ふたつ以上の機械類から部品を集めてひとつに組み上げることを「ニコイチ」といい、実は横須賀の「三笠」も、ある意味ニコイチで復元されました。これに貢献した、知られざるチリ戦艦と「三笠」の、不思議な縁を感じさせるお話。
神奈川県横須賀市の観光名所のひとつ、三笠公園は、岸壁にある旧日本海軍の戦艦「三笠」を中心に整備されています。同艦は太平洋戦争終結後、一時、荒廃していましたが、様々な人物や団体の尽力によって復元され、1961(昭和36)年5月27日には復元記念式が挙行されました。以後は往時を彷彿とさせる姿で保存展示されています。
1961年5月27日の復元記念式典当日、満艦飾に彩られた記念艦「三笠」(画像:アメリカ海軍)。
この「三笠」の復元整備に、地球の反対側で使われていた、ある1隻の軍艦が下支えしました。その艦はチリ海軍の戦艦「アルミランテ・ラトーレ」です。
「アルミランテ・ラトーレ」は、「三笠」から遅れること13年、1913(大正2)年11月27日にイギリス北東部にあるアームストロング社のエルスウィック造船所で進水しました。
進水の8か月後、ヨーロッパにおいて第1次世界大戦が勃発したため、同艦はイギリス本国に買い上げられ、戦艦「カナダ」として1915(大正4)年9月に就役します。いったんイギリス海軍所属としてドイツ海軍と戦ったのち、大戦後の1919(大正8)年にチリへ改めて売却されました。
1921(大正10)年2月にチリ戦艦として運用が始まった「アルミランテ・ラトーレ」は、同国屈指の近代的戦艦として30年以上にわたり活動を続け、第2次世界大戦後の1958(昭和33)年10月に退役します。
「アルミランテ・ラトーレ」は鉄くずとして売却されることになり、これを買い取ったのは日本の商社でした。こうして退役翌年の1959(昭和34)年、同艦は曳航されて来日します。
チリ戦艦「アルミランテ・ラトーレ」は、「三笠」とは進水時期で13年の開きがありましたが、1950年代末に残存していた戦艦のなかでは、唯一、第1次世界大戦に従軍した艦でした。なおかつ「三笠」と同じイギリス製ということで、各種装備や部品に高い互換性を持っていました。

復元された「三笠」の前に並ぶ日本とアメリカの関係者。奥に小銃を持って整列するのは海上自衛隊の儀じょう隊(画像:アメリカ海軍)。

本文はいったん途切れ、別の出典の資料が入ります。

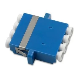 Adapter służący do połączenia światłowodów jednomodowych. Złącza: LC/UPC Typ: Quad Opis produktu Adapter światłowodowy służy do połączenia światłowodów jednomodowych zakończonych złączami LC/UPC. Może być stosowany w światłowodach, które mają dużą prędkość transmisji danych. Adapter jest częścią toru światłowodowego, gwarantuje stabilność parametrów transmisyjnych, a znakomitej jakości ferrula ceramiczna, oszlifowana pod kątem 8 stopni, zapewnia mniejsze tłumienie sygnału odbitego, co powoduje korzystniejsze parametry transmisyjne w całym połączeniu. Zatrzaskowe uchwyty zapewniają wygodny montaż i demontaż. Kabel typu Quad zastosowany w tym adapterze, używany jest w połączeniach sznurów pomiarowych, patchcordów transmisyjnych oraz jako element przełącznic światłowodowych. Schemat światłowodu jednomodowego Światłowód jednomodowy posiada małą średnicę rdzenia, a więc jest w stanie pomieścić tylko jeden mod światła. Sygnał porusza się w jednej wiązce z odbiciem światła bliskiemu zeru. Niski współczynnik odbicia oznacza mniejsze rozproszenie światła. Złącza LC/UPC Zaletą złączy LC są niewielkie wymiary, które umożliwiają gęste upakowanie, co sprawia, że idealnie nadają się do użytku w centralach oraz centrach przetwarzania danych. Posiadają one również system blokady zatrzaskowej, który zabezpiecza przed przypadkowym wyciągnięciem złącza. Złącza LC stosuje się również w sieciach LAN, WAN oraz FTTD, na kolei, w sieciach telekomunikacyjnych, w sieciach telewizji kablowych oraz w technice pomiarowej. Zaufanie potwierdzone gwarancją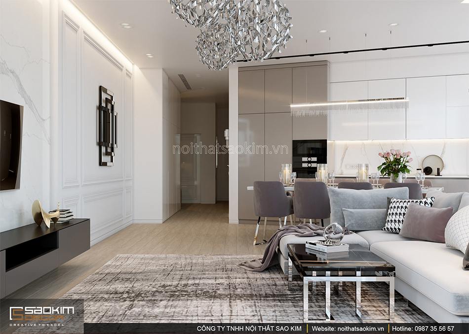 Thiết kế căn hộ chung cư với phòng khách liên kề bếp đã không còn quá xa lạ với mỗi người. Xu hường này cũng được ưa thich và ứng dụng cho căn hộ này. Nó không chỉ giúp căn hộ trở nên tông thoáng hơn, liên kết các không gian sinh hoạt chung.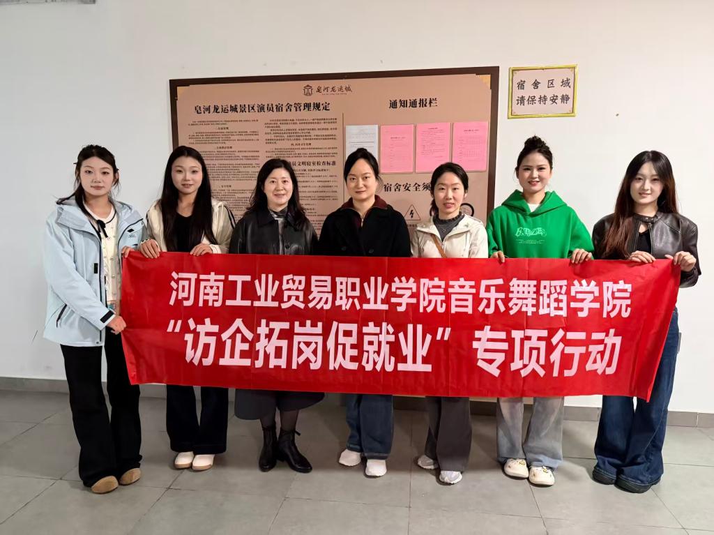 为深入贯彻落实国家关于高校毕业生就业工作的决策部署,精准对接市场需求,拓宽学生实习与就业渠道,2025年11月14日,河南工业贸易职业学院音乐舞蹈学院院长李晖、副院长范殿红及舞蹈教研室主任杨起帆一行,赴宿迁文旅集团开展“访企拓岗”专项调研活动。本次活动旨在通过实地走访,深入了解行业发展趋势与企业用人需求,推动学院专业建设与人才培养模式改革,实现校企供需的精准对接。
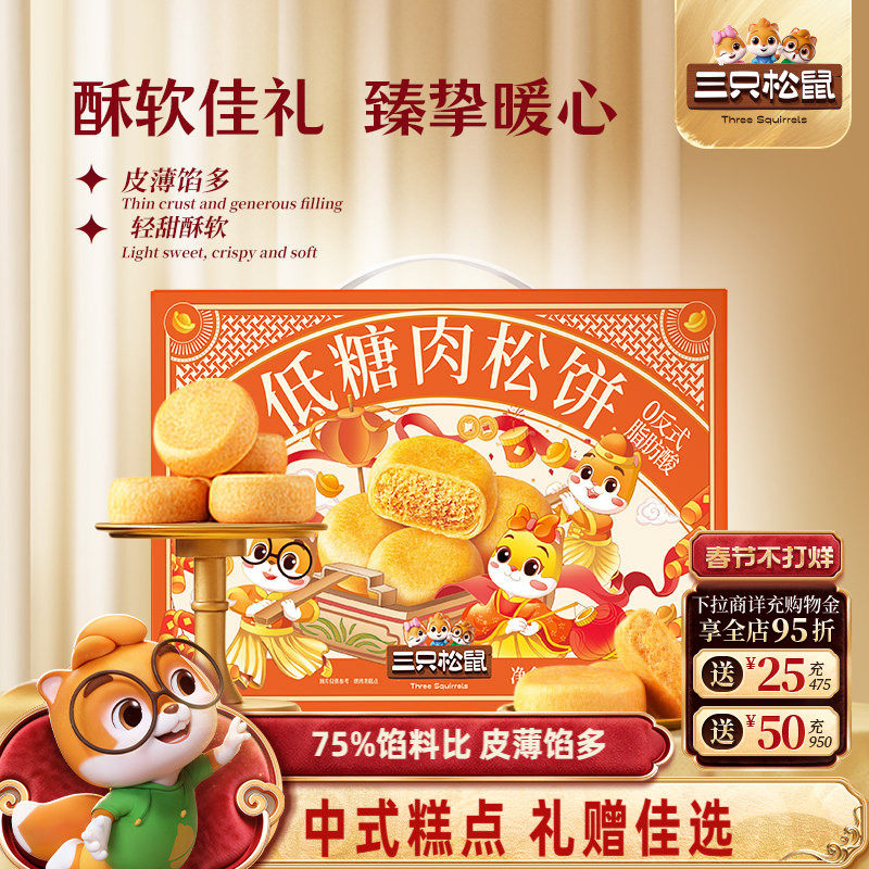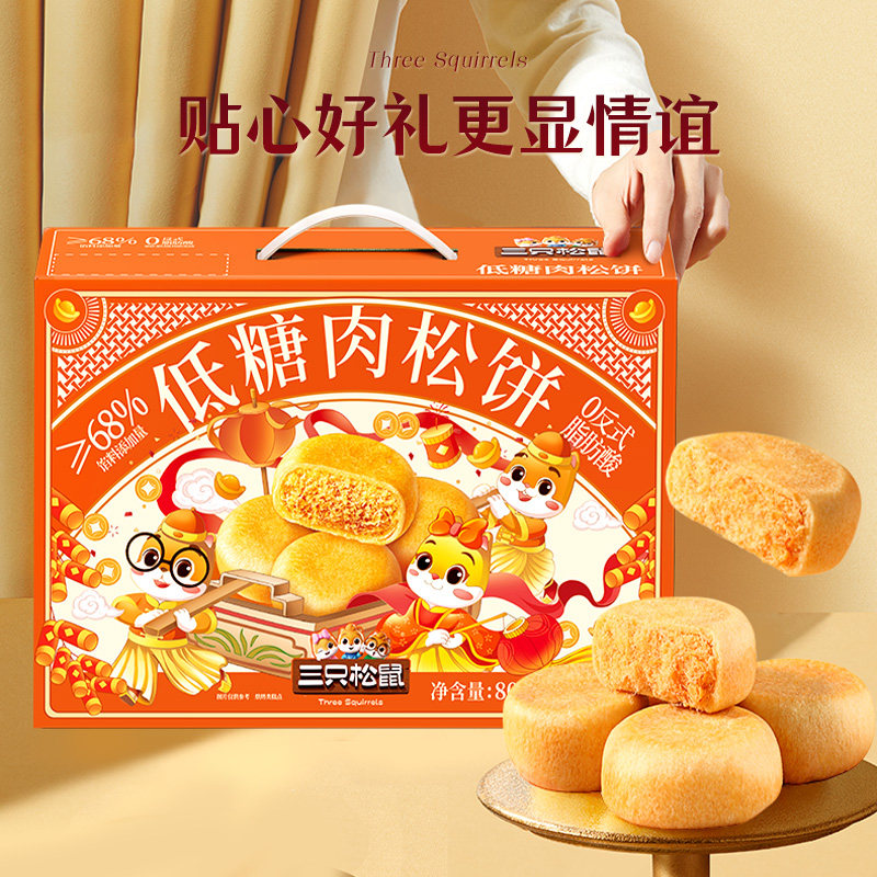 📚 三只松鼠_肉松饼礼盒营养早餐特产传统中式糕点心零食品过年送礼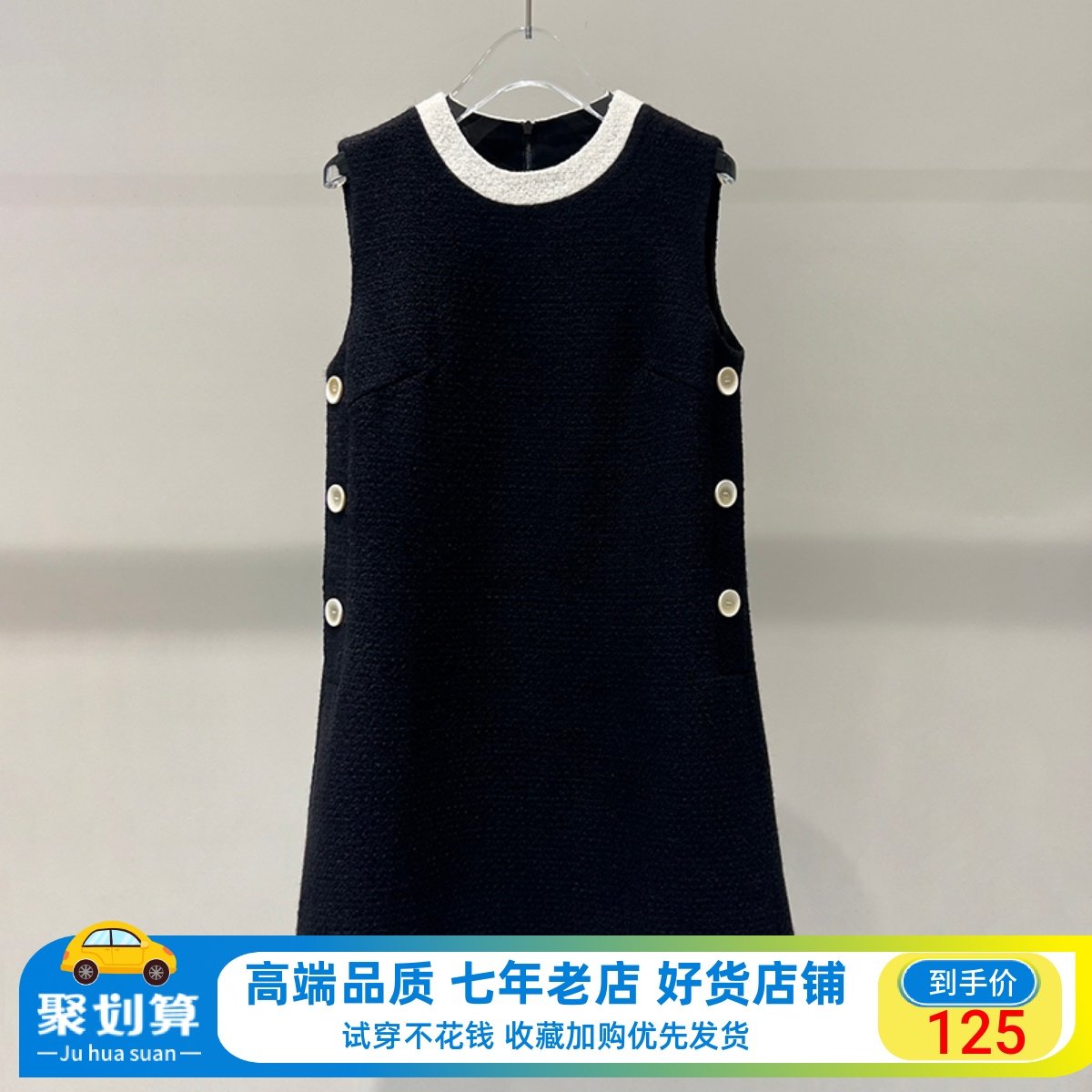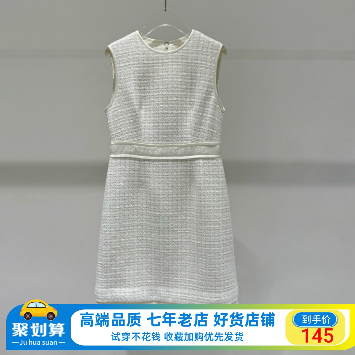 范艾诺丝裙子2024春新款百搭小香风粗花流苏无袖连衣裙女40129053

チリ政府も、解体に際して「アルミランテ・ラトーレ」から外した様々なパーツを「三笠」復元のために使用することを承諾してくれます。
太平洋戦争後の荒廃によって、数多くの部品が行方不明となっており、しかも「三笠」は20世紀初頭に建造された艦のため、イギリス本国でもすでに製造されていない部品が多かったため、入手困難な部品や装備をこのような形で入手できたことで、「三笠」の復元作業ははかどるようになりました。
こうして、一時はダンスホールや水族館として使用されていた「三笠」でしたが、わずか2年ほどで現役時代の姿に戻され、冒頭に述べたように1961(昭和36)年5月27日に無事、復元記念式が挙行されるに至ったのです。
歴史にifはありませんが、仮に「アルミランテ・ラトーレ」が第1次世界大戦で戦没していたら、もし「アルミランテ・ラトーレ」を日本の商社が買い付けなければ、「三笠」の復元作業は難航し、費用ももっとかかっていたことでしょう。
太平洋戦争後に一時荒廃したことは「三笠」にとって災難でしたが、その復元というある意味絶妙のタイミングで「アルミランテ・ラトーレ」が約1万7000kmの距離を超えて横須賀に来て、そして鉄くずになり失われるはずだったその一部が「三笠」に残されたというのは、もしかすると両艦は見えない運命の糸で結ばれていたということかもしれません。